▶ Goal of the exercise
Take the lines below from the one with "Доктор богослов’я Ольга" through the one with "The Cotton Canvas" and retype them exactly. Include nothing else, and no pictures.

▶ Data in this exercise
*** Block opens ***

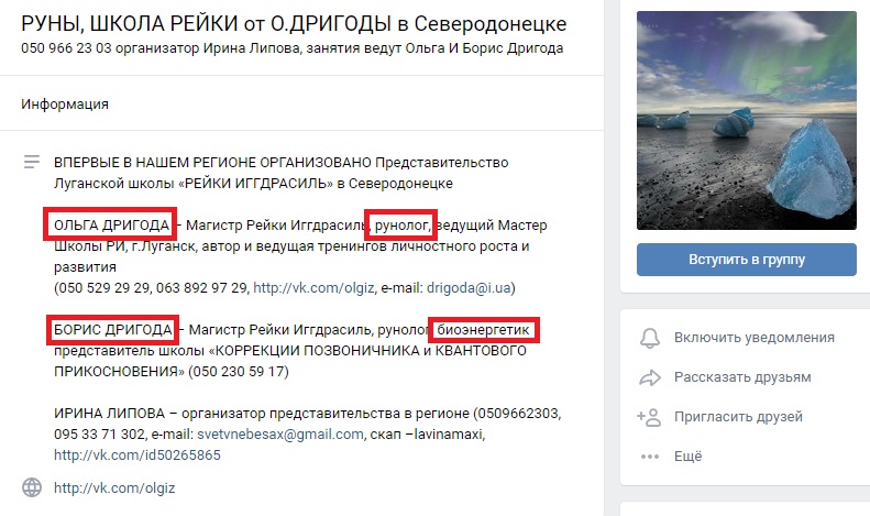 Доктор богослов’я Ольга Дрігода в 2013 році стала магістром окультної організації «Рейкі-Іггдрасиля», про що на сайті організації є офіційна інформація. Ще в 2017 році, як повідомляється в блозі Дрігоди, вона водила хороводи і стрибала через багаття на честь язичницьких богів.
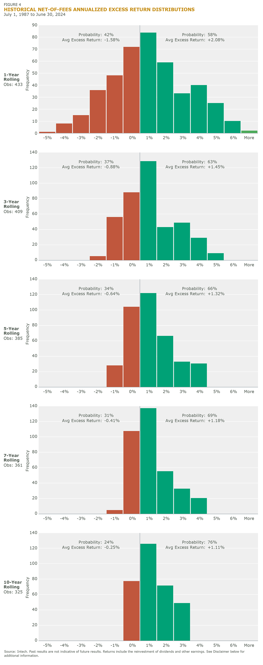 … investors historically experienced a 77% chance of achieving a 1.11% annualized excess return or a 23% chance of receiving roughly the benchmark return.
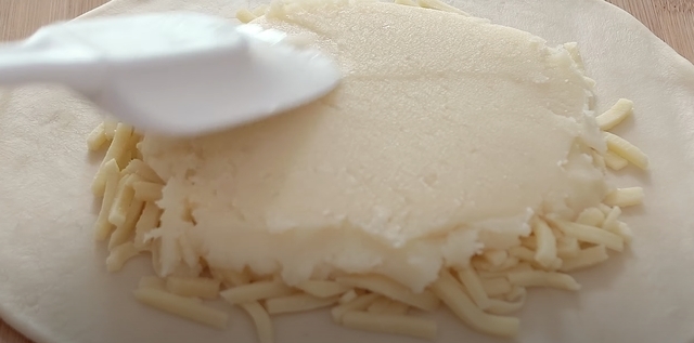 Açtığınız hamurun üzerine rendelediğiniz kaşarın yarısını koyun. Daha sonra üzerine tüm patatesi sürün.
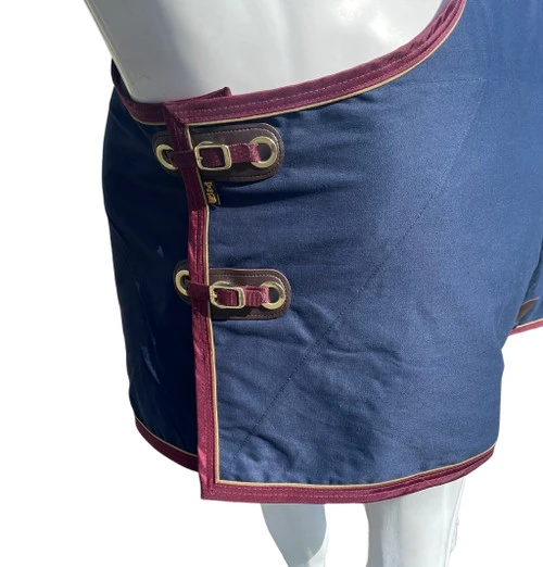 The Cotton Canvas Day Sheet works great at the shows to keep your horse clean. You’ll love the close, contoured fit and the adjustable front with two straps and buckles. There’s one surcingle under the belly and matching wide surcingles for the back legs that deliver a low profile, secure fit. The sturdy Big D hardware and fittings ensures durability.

*** Block closes ***
*** Block opens ***

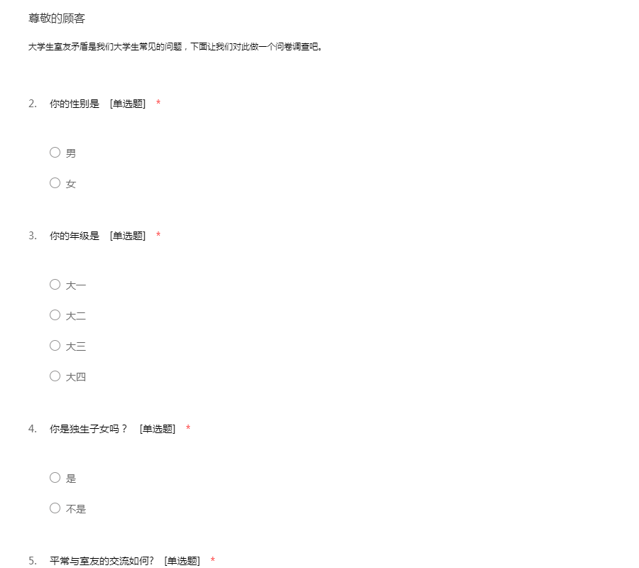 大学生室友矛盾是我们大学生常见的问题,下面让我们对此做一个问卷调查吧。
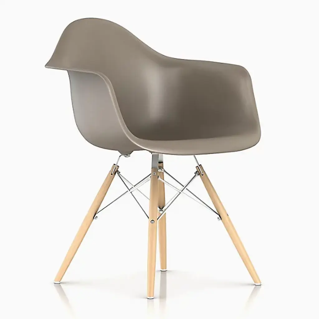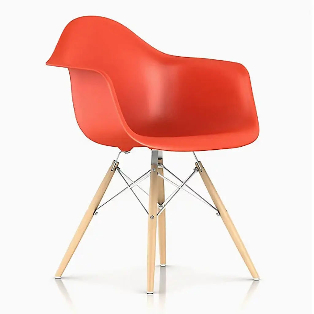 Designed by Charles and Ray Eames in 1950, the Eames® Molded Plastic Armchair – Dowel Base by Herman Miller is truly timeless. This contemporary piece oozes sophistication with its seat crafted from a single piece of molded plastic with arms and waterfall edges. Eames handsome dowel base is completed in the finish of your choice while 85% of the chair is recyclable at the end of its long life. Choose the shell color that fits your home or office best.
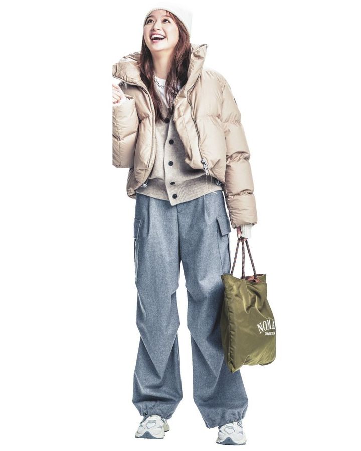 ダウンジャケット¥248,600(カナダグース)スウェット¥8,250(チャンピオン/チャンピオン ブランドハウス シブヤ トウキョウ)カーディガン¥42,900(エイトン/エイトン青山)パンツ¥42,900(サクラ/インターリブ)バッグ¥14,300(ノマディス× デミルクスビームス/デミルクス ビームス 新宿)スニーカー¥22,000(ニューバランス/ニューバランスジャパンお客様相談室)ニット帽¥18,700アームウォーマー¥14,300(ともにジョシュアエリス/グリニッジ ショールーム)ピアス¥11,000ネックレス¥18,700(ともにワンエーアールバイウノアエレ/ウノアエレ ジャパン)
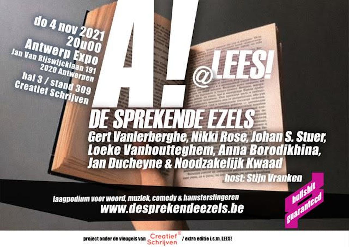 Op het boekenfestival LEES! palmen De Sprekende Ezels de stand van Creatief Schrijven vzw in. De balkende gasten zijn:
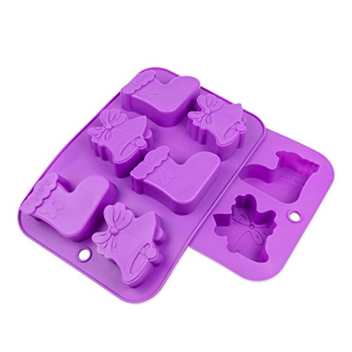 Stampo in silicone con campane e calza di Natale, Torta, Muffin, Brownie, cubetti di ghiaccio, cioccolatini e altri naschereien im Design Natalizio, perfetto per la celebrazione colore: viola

*** Block closes ***
*** Block opens ***

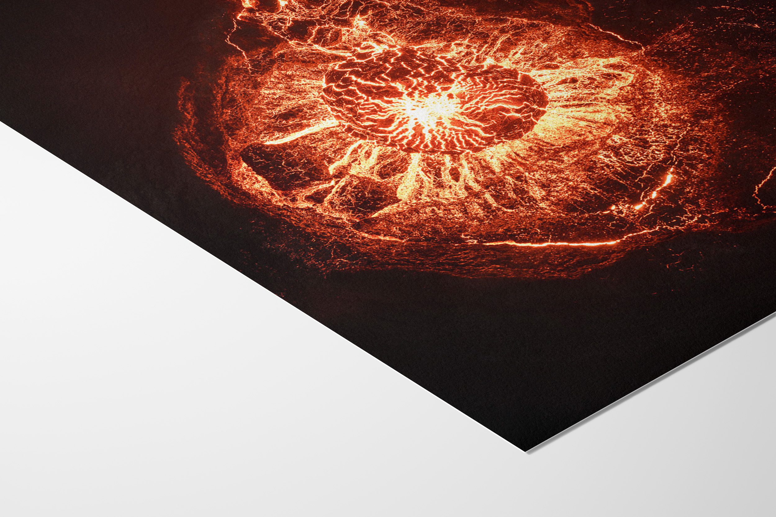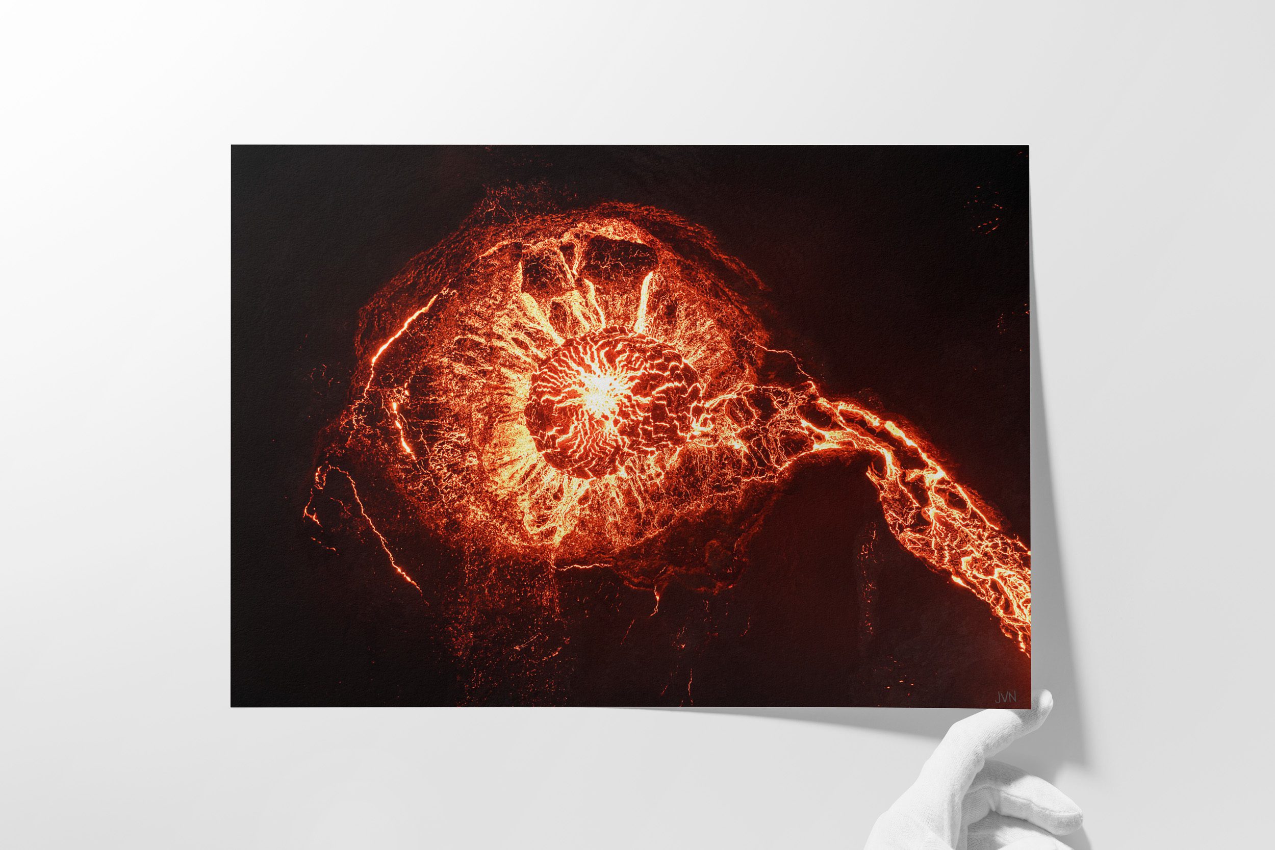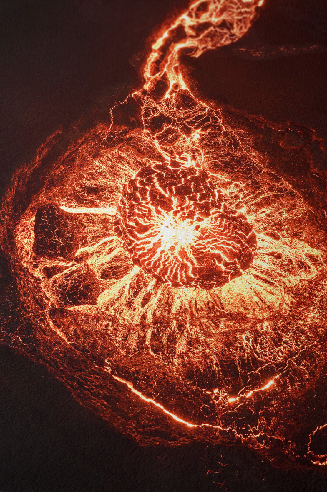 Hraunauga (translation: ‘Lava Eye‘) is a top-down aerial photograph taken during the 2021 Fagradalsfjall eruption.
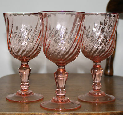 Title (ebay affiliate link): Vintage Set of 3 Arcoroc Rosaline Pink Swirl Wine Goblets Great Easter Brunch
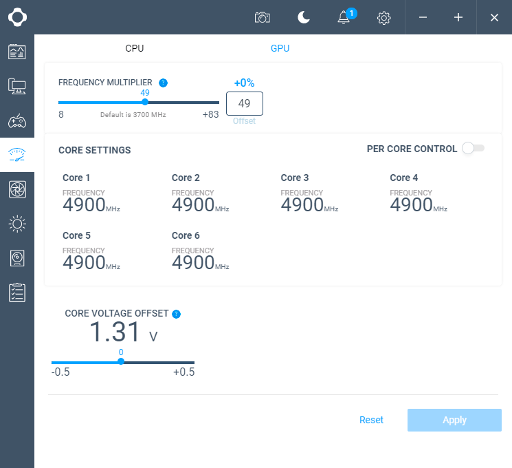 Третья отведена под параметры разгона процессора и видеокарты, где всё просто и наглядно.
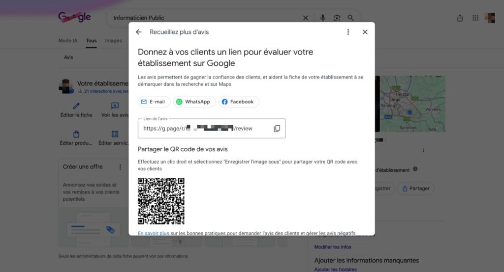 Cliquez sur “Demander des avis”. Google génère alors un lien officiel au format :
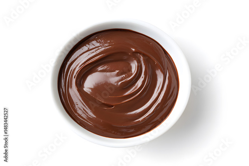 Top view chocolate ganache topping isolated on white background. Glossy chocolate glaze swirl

*** Block closes ***

▶ Reply to the task
 Доктор богослов’я Ольга Дрігода в 2013 році стала магістром окультної організації «Рейкі-Іггдрасиля», про що на сайті організації є офіційна інформація. Ще в 2017 році, як повідомляється в блозі Дрігоди, вона водила хороводи і стрибала через багаття на честь язичницьких богів.
 … investors historically experienced a 77% chance of achieving a 1.11% annualized excess return or a 23% chance of receiving roughly the benchmark return.
 Açtığınız hamurun üzerine rendelediğiniz kaşarın yarısını koyun. Daha sonra üzerine tüm patatesi sürün.
 The Cotton Canvas Day Sheet works great at the shows to keep your horse clean. You’ll love the close, contoured fit and the adjustable front with two straps and buckles. There’s one surcingle under the belly and matching wide surcingles for the back legs that deliver a low profile, secure fit. The sturdy Big D hardware and fittings ensures durability.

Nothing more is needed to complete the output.